Preclinical TB Regimen Development
Mouse models are used to assess the activity of various TB drugs and regimens in acute, chronic, and disease-simulating “Kramnik” infections. The contributions of individual components of a regimen can be evaluated for impact on reducing bacterial lung burdens and duration of treatment required to achieve sterilization and relapse-free cure. Pharmacodynamic modeling of drug exposure and efficacy help direct the selection and development of optimized anti-TB drug regimens. Through this partnership with Johns Hopkins University, TB Alliance has evaluated more than 250 TB drug regimens.
M.tb, the bacterium that causes TB, is remarkably adept at developing resistance to drugs and therefore active TB must be fought with combination therapy. Today’s four-drug first-line TB treatment evolved through the addition and substitution of drugs into the existing regimen. Novel combinations offer the promise to transform treatment. However, modifying TB treatment one drug at a time is too lengthy, expensive, and inefficient a process. Today, the emerging gold standard in TB drug development is a regimen-based approach by which multiple new agents are combined early in the development process to create new TB drug regimens with the potential to shorten and simplify TB treatment. This approach also shows promise to develop regimens that could be effective against both TB and drug-resistant forms of TB.

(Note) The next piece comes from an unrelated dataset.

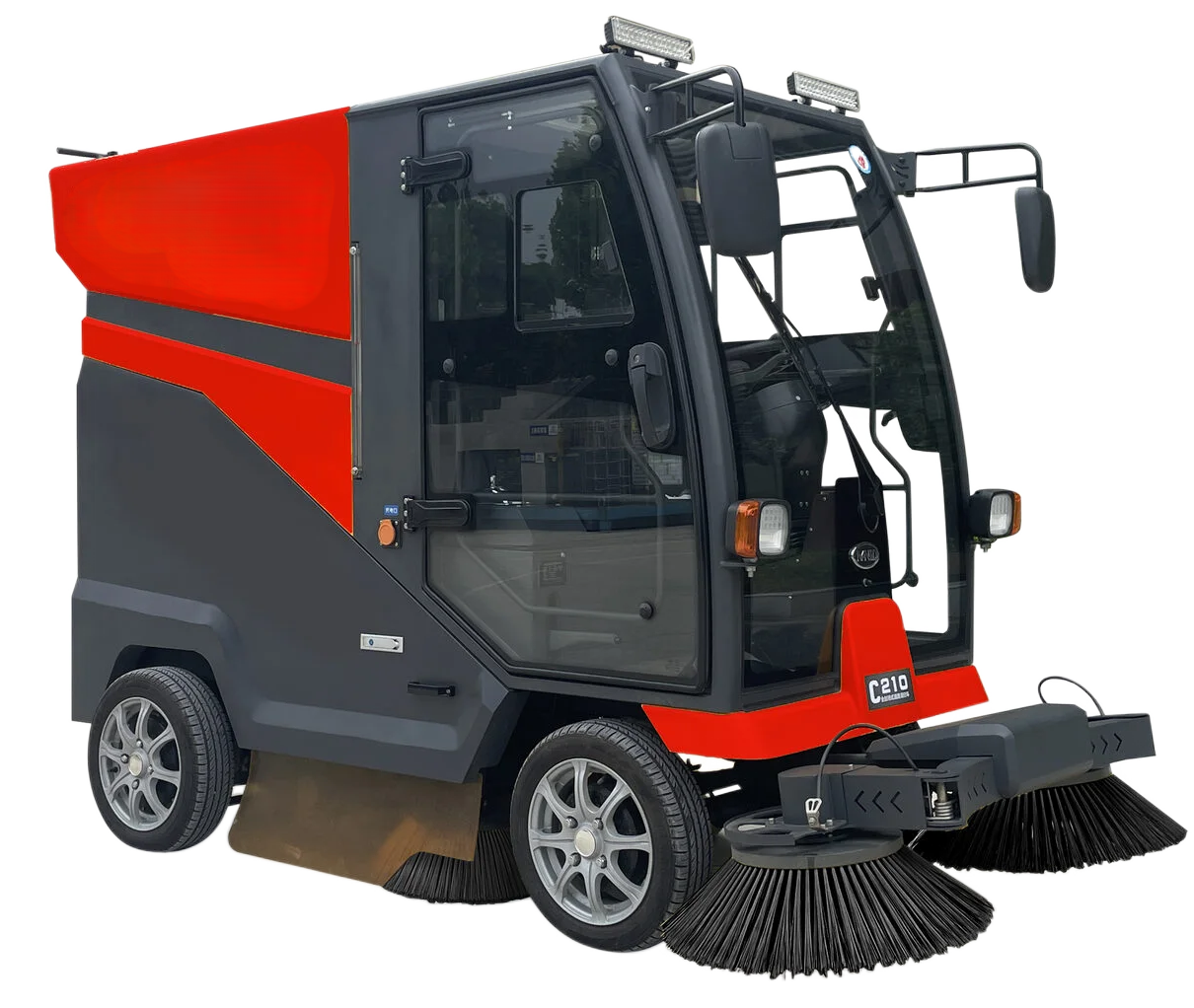 Коммунально-уборочная машина с вакуумным всасыванием С210 эффективно убирает песок, листву, иглицу, бумагу, камни, упаковку и другой мусор. Она комплектуется встроенной системой мойки высокого давления с шлангом и водяным пистолетом — для очистки как самой машины, так и различных уличных объектов: скамеек, урн, стен, рекламных наклеек, а также полива зелёных насаждений. Может превосходно убирать городские пространства, паркинги, так и производственные, складские и торговые здания и объекты.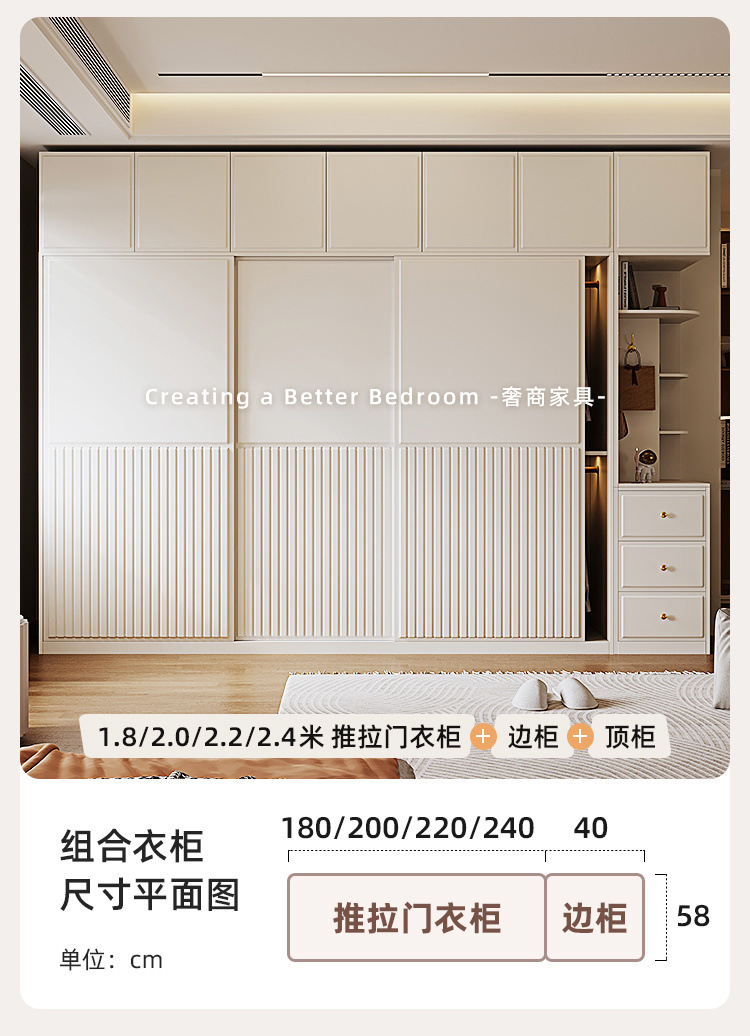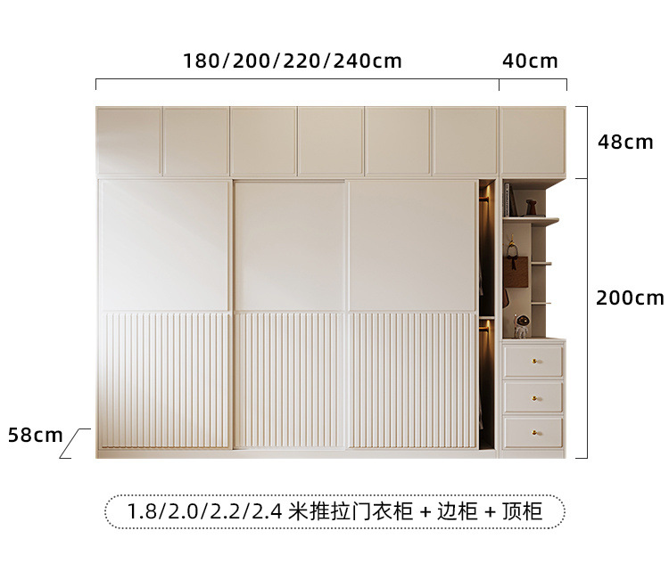 • (3도어) 2.4m 옷장 + 사이드장 + 상단장 [수출품질]

This program continues to identify and rapidly advance the most promising combinations of potential new TB drugs to form future new regimens.This initiative seeks to promote regimen-based development by qualifying new preclinical models with better predictability for human disease. These new models could contribute to identifying optimized drug combinations and earlier registration and approval of new, improved, and safe TB drug regimens.